Cyanophosphaethyne is an unstable molecular compound with structural formula N≡C–C≡P. It can be considered as cyanogen with one nitrogen atom replaced by phosphorus. It has been made as a dilute gas. Cyanophosphaethyne has been tentatively detected in the interstellar medium. Other structural isomers, such as C≡N–C≡P (isocyanophosphapropyne), C≡C-N≡P (azaphosphadicarbon), and N≡C–P=C (isocyanophosphavinylidene), have not been observed.

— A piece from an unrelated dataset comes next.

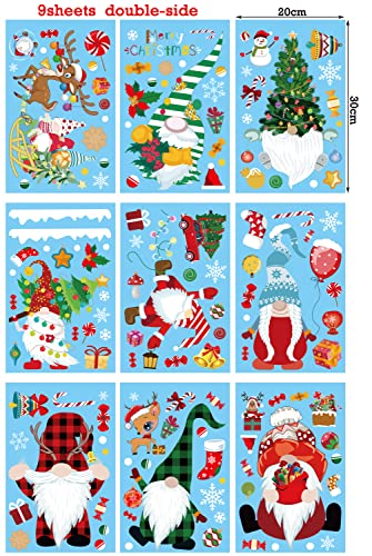 Adesivi per finestre di Natale, 9 fogli, decorazioni natalizie per finestre, adesivi per finestre, adesivi per Natale, gnomo nano, Babbo Natale, fiocco di neve, in vetro per feste di Natale
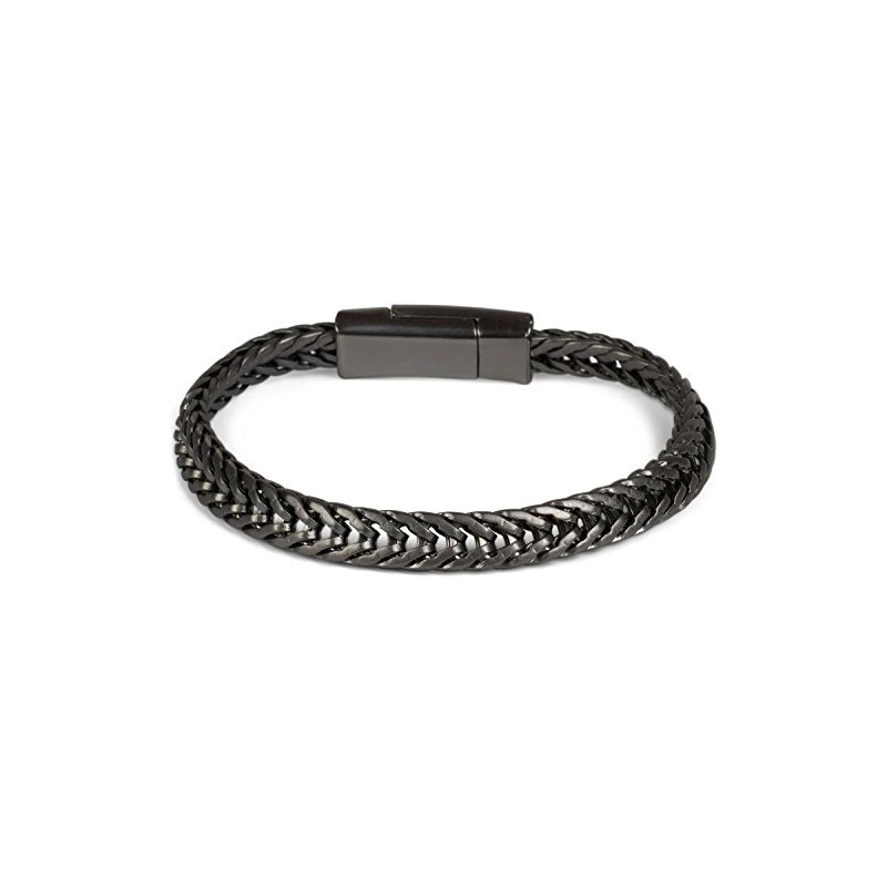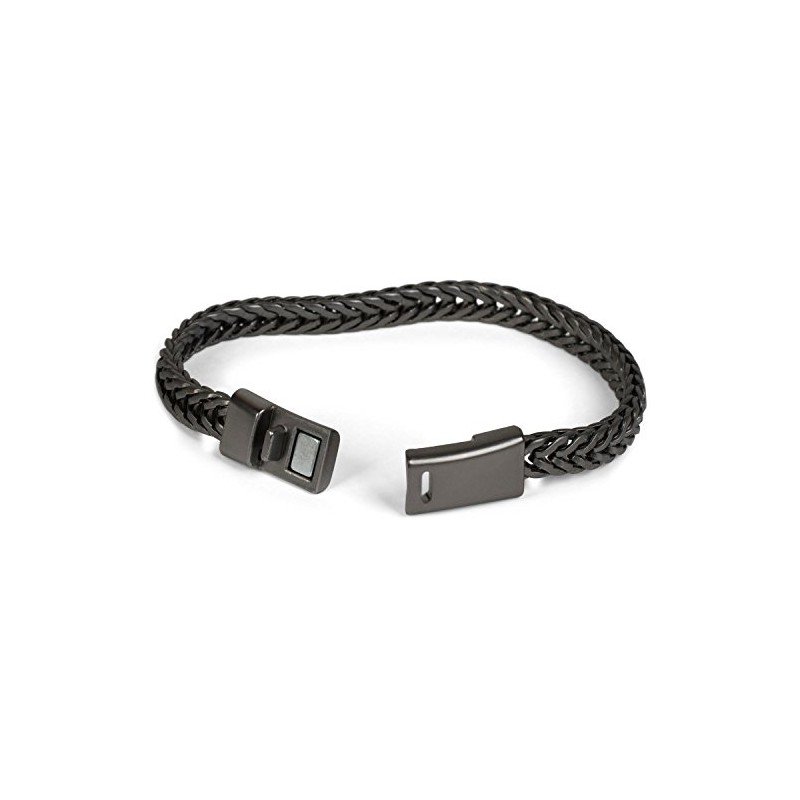 styleBREAKER flaches Zopfketten Armband mit Magnetverschluss, Kette, Schmuck, Unisex 05040131, Farbe:Anthrazit

The molecule has linear molecular geometry (C∞v molecular symmetry).

Production
Cyanophosphaethyne can be produced by heating cyanogen azide and phosphaethyne gases to 700 °C:
N≡C–N3 + H–C≡P → N≡C–C≡P + HN3

Another method is to heat anhydrous methyl cyanide with anhydrous phosphorus trichloride:
N≡C–CH3 + PCl3 → N≡C–C≡P + 3HCl

Properties
The dipole moment is 3.5 Debye. Having a large dipole makes the molecule easier to detect by certain types of spectroscopy than many other phosphorus containing molecules. The bond lengths are C≡N = 1.159 Å, C–C = 1.378 Å, and C≡P = 1.544 Å.